(WORK TO COMPLETE):
Lines from the one containing "Envoyez par email" through the final line of the data, restated word for word and free of pictures, make up the whole answer.

(INFORMATION SUPPLIED):
● ● ● ●
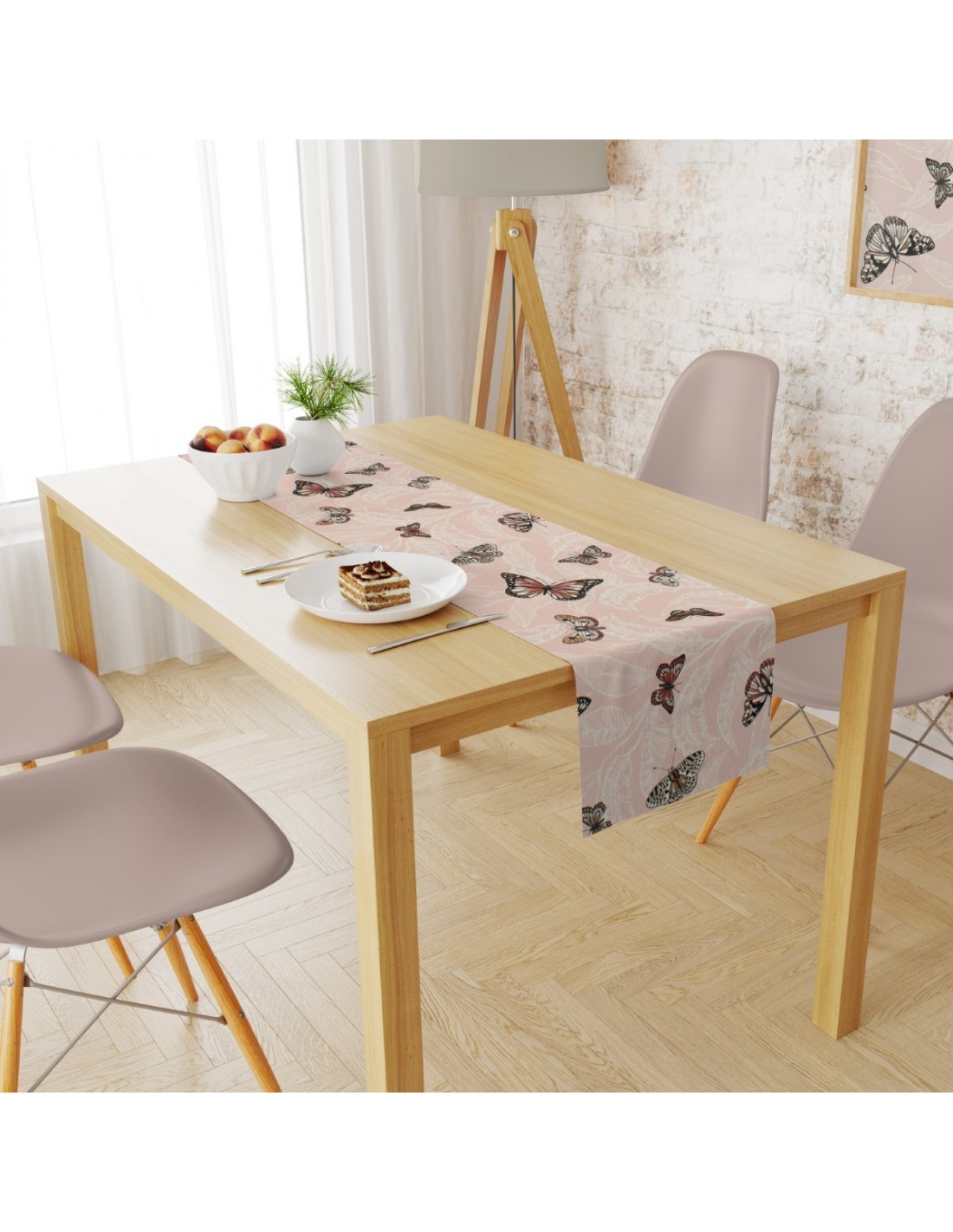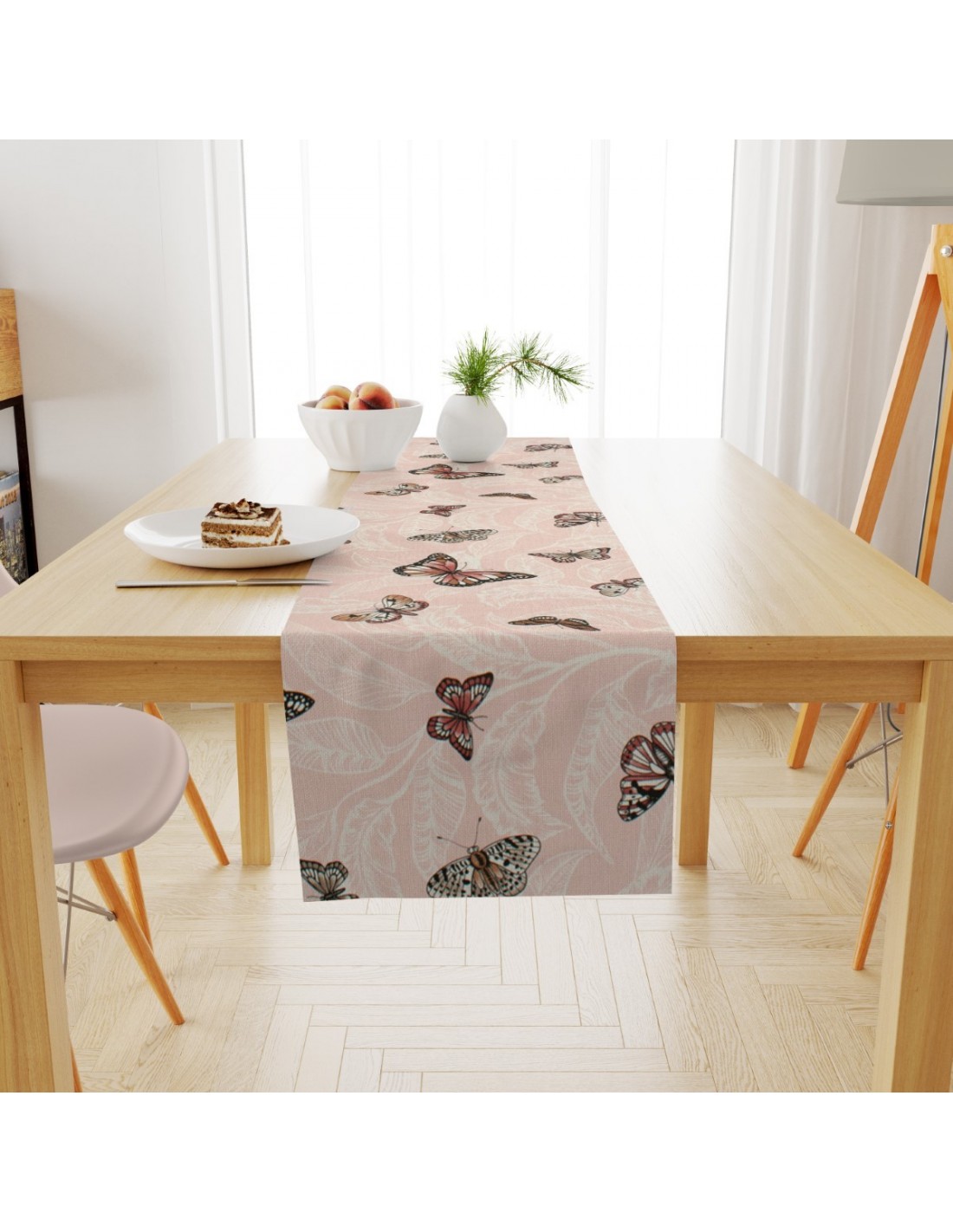 Αλέκιαστη τραβέρσα διάστασης 40x180 ύφανσης PANAMA με ειδικό φινίρισμα στα νήματα, που το καθιστά μαλακό και αδιάβροχο. Απωθεί αποτελεσματικά τους λεκέδες. Τυπωμένο με ανεξίτηλα ανθεκτικά χρώματα. Κατασκευασμένο από 70% βαμβάκι και 30% πολυέστερ.
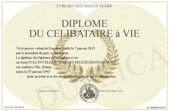 Envoyez par email votre Diplôme du célibataire à vie personalisé
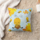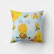 Add a cute touch to your little's menacom or nursery with this adorable bumble bee throw pillow. Pillow fesix happy bees, one with honey, and the others buzzing around. There are yellow and orange flowers and a soft blue background. Dans la corner there's a place for your young kid's first name and monogram initial. This pillow works well for boys and girls and is great for baby showers, birthdays, and holidays.
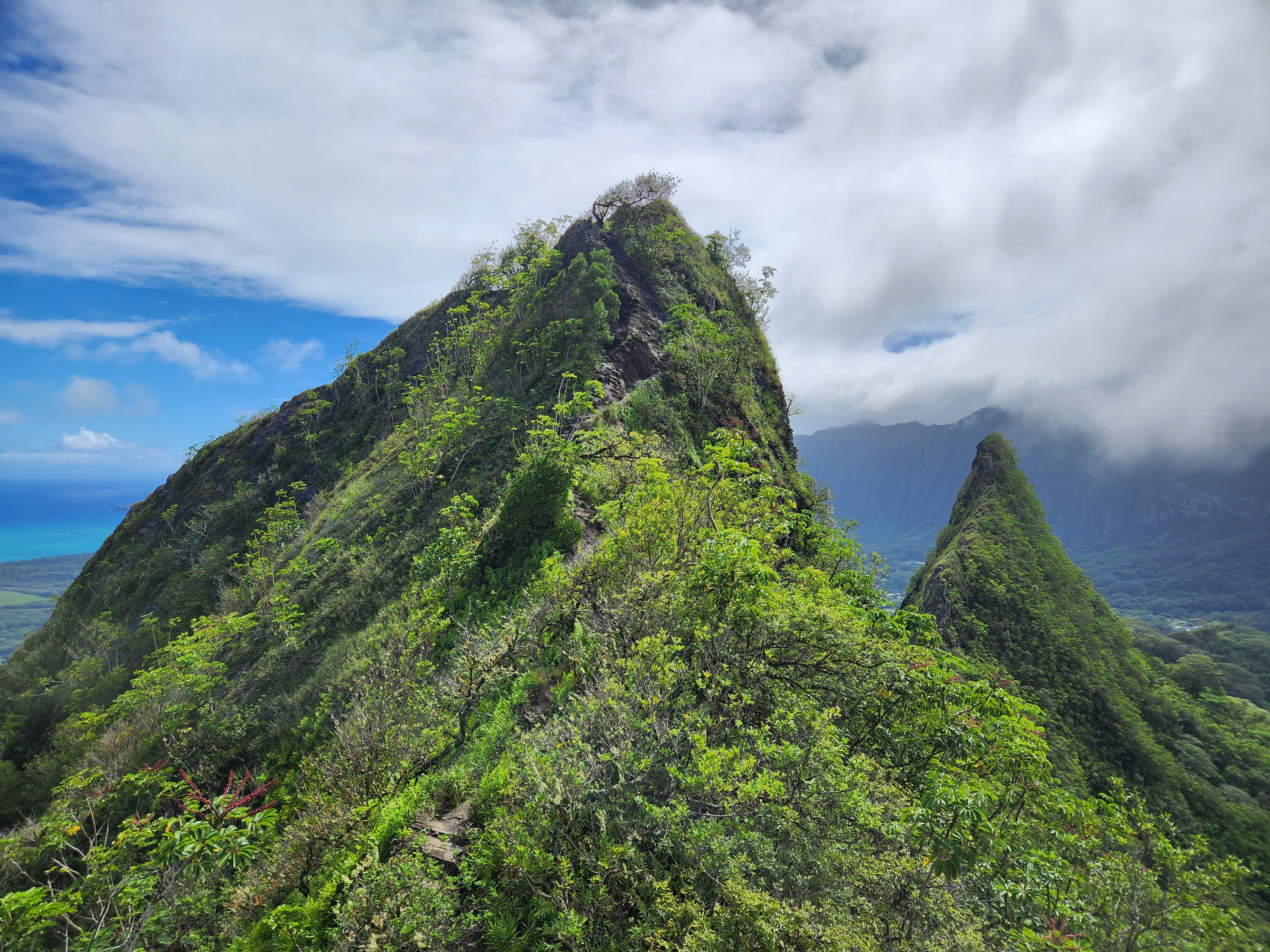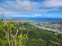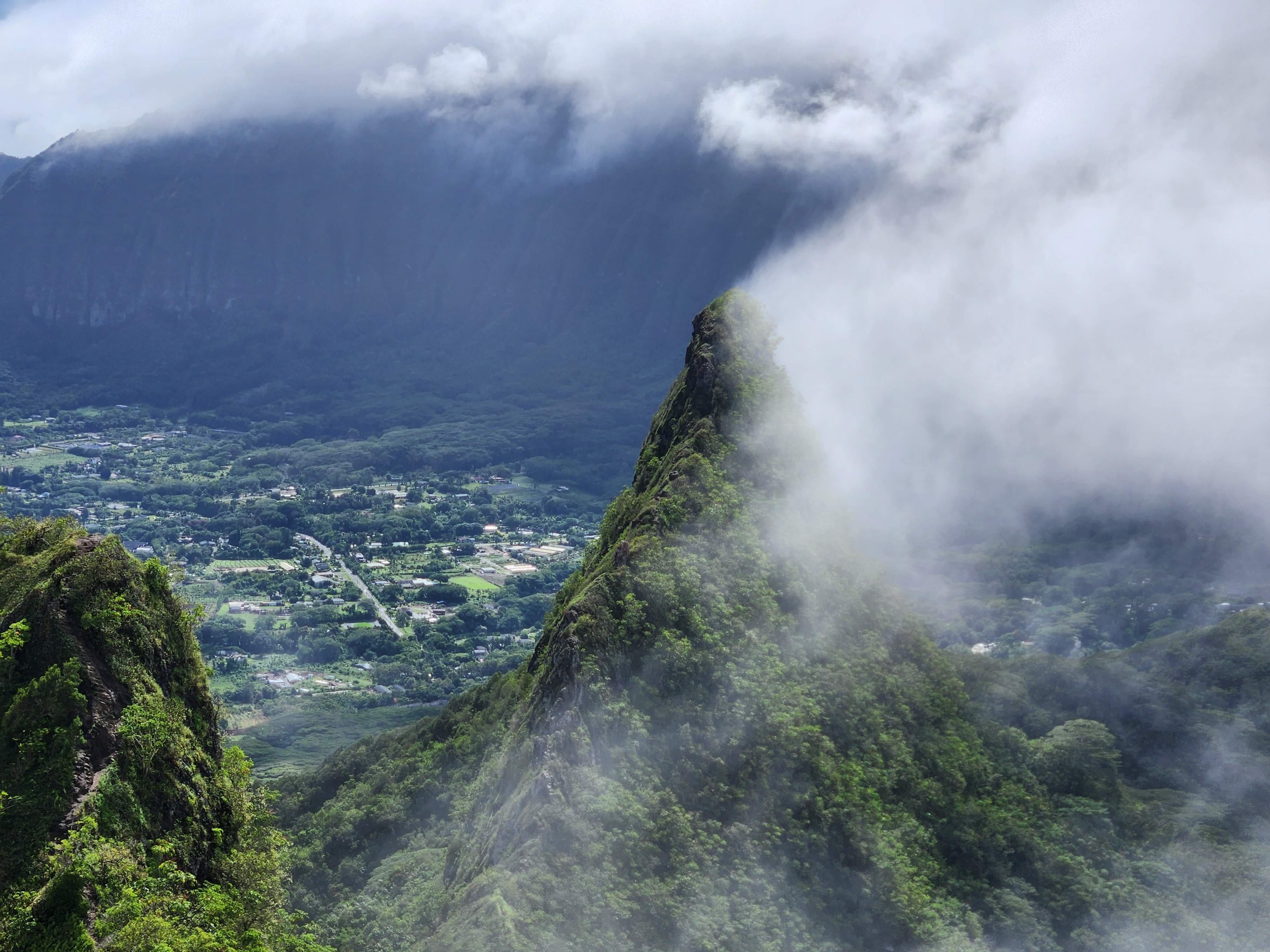 On the first day of testing Scott planned to hike Mount Olomana or Three Peaks (the hike that the Airbnb owner had warned him about) and it turns out that its trailhead was less than a half mile from Maunawili Farms. In fact, I had a view of it from the farm while Karen and I were testing. He both survived and enjoyed the hike and thankfully only did the first two peaks, avoiding the third and most dangerous. It was fairly steep and slick with mud (so much that when he got back to the Airbnb he got into the shower fully clothed to wash off his clothes!) and there were permanently affixed ropes along the way to help navigate the trails, but the spectacular panoramic view of Oahu at the top made it worth it. At the second peak he was even able to hang his hammock and enjoy a siesta atop the mountain.
● ● ● ●
(TASK OUTPUT):
 Envoyez par email votre Diplôme du célibataire à vie personalisé
 Add a cute touch to your little's menacom or nursery with this adorable bumble bee throw pillow. Pillow fesix happy bees, one with honey, and the others buzzing around. There are yellow and orange flowers and a soft blue background. Dans la corner there's a place for your young kid's first name and monogram initial. This pillow works well for boys and girls and is great for baby showers, birthdays, and holidays.
 On the first day of testing Scott planned to hike Mount Olomana or Three Peaks (the hike that the Airbnb owner had warned him about) and it turns out that its trailhead was less than a half mile from Maunawili Farms. In fact, I had a view of it from the farm while Karen and I were testing. He both survived and enjoyed the hike and thankfully only did the first two peaks, avoiding the third and most dangerous. It was fairly steep and slick with mud (so much that when he got back to the Airbnb he got into the shower fully clothed to wash off his clothes!) and there were permanently affixed ropes along the way to help navigate the trails, but the spectacular panoramic view of Oahu at the top made it worth it. At the second peak he was even able to hang his hammock and enjoy a siesta atop the mountain.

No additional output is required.